Web Technologies Task View
by Patrick Mair and Scott Chamberlain
Abstract This article presents the CRAN Task View on Web Technologies. We describe the most
important aspects of Web Technologies and Web Scraping and list some of the packages that are
currently available on CRAN. Finally, we plot the network of Web Technology related package
dependencies.

Introduction
In modern Statistics and Data Science, Web technologies have become an essential tool for accessing,
collecting, and organizing data from the Web. Well known companies, including Google, Amazon,
Wikipedia, and Facebook, and increasingly all data providers, are providing APIs (Application
Programming Interfaces) that include specifications for variables, data structures, and object classes
which facilitate the interaction with other software components such as R.
Data collection from the Web can be performed at several levels: From low-level HTML/XML/JSON
parsing at the one end up to calling simple functions implemented by numerous convenience packages
(which, e.g., make use of API specifications internally) on the other end. A comprehensive description
of Web technology strategies can be found in Nolan and Temple Lang (2014).
Within the R community, projects like omegahat (http://www.omegahat.net/) or rOpenSci (http:
//ropensci.org/ where people can contribute through https://github.com/ropensci/webservices)
made an effort to provide infrastructures that allow R to interact with the Web.
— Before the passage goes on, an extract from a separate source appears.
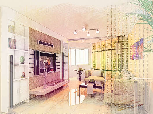 电视柜不可太长,短了倒是没关系,电视柜短了两边显的空空的,又没办法摆放其他物品否则影响美观,这时可以用高大的阔叶植物如橡皮树、发财树、棕竹等植物来填补空间,这对招财纳气很有帮助。客厅电视背景墙无论设计简单还是复杂都要做的高点,即主题墙要做的高,高至客厅吊顶处。风水学上认为高者为山,低者为水,有山有水自然是好风水,客厅中高的背景墙是山,低的沙发是水,因此背景墙应该做高。有的业主觉得客厅很宽敞想隔出部分来做房间,这样背景墙就没法做了,有水没山不是好风水。如今的商品房户型客厅电视背景墙与沙发背景墙都是正对的,如果不是正对,电视背景墙务必不要和开着窗户或开窗的墙正对,高山对着窗外与好风水相悖。

Recently, a vast amount
of corresponding Web technology packages have been developed which are now collected, organized,
and structured in a Web Technology CRAN Task View available at http://cran.r-project.org/web/
views/WebTechnologies.html. By setting up this task view, which we present in this paper and which
will be updated regularly, we hope that this facilitates useRs to get an overview of what is available
and, at the same time, it motivates future use and development of R packages that interact with the
Web.
Note that not all packages listed in the Task View are on CRAN. Some of them are in the omegahat
repository, and others on GitHub https://github.com/ or R-Forge https://r-forge.r-project.
org/. The corresponding package links can be found in the links section of the Task View.

Low level Web scraping
Web scraping refers to the process of extracting information from websites. In low-level scraping tasks,
the two basic concepts are retrieving and parsing. The core packages in R that allow for either retrieving
or parsing (or both) are XML (both), RCurl (retrieving), and rjson/RJSONIO/jsonlite (parsing). The
XML package contains functions for parsing XML and HTML, and supports XPath for searching XML.
A helpful function in XML to extract data from one or more HTML tables is readHTMLTable(). The
RCurl package makes use of the libcurl library for transferring data using various protocols and
provides a low level curl wrapper that allows one to compose general HTTP requests and provides
convenient functions to fetch URLs, get/post forms, etc. and process the results returned by the
Web server. This provides a great deal of control over the HTTP/FTP connection and the form of
the request while providing a higher-level interface than is available just using R socket connections.
It also provides tools for Web authentication. Within this context, the httr package (a higher level
wrapper around RCurl) provides easy-to-use functions. JSON stands for JavaScript Object Notation
and is a data interchange format becoming the most common data format on the web. The rjson,
RJSONIO, and jsonlite packages convert R objects into JSON objects and vice-versa.

Authentication
Using Web resources can require authentication, either via API keys, OAuth, username:password
combination, or via other means. Additionally, sometimes Web resources require authentication to be in
the header of an http call, which requires a little bit of extra work. API keys and username:password can
be combined within a URL for a call to a web resource (api key: http://api.foo.org/?key=yourkey;
user/pass: http://username:password@api.foo.org), or can be specified via commands in RCurl
or httr. OAuth is the most complicated authentication process, and can be most easily done using httr
which includes demos for OAuth 1.0 (linkedIn, Twitter, Vimeo) and demos for OAuth 2.0 (Facebook,
GitHub, Google). The ROAuth package provides a separate R interface to OAuth.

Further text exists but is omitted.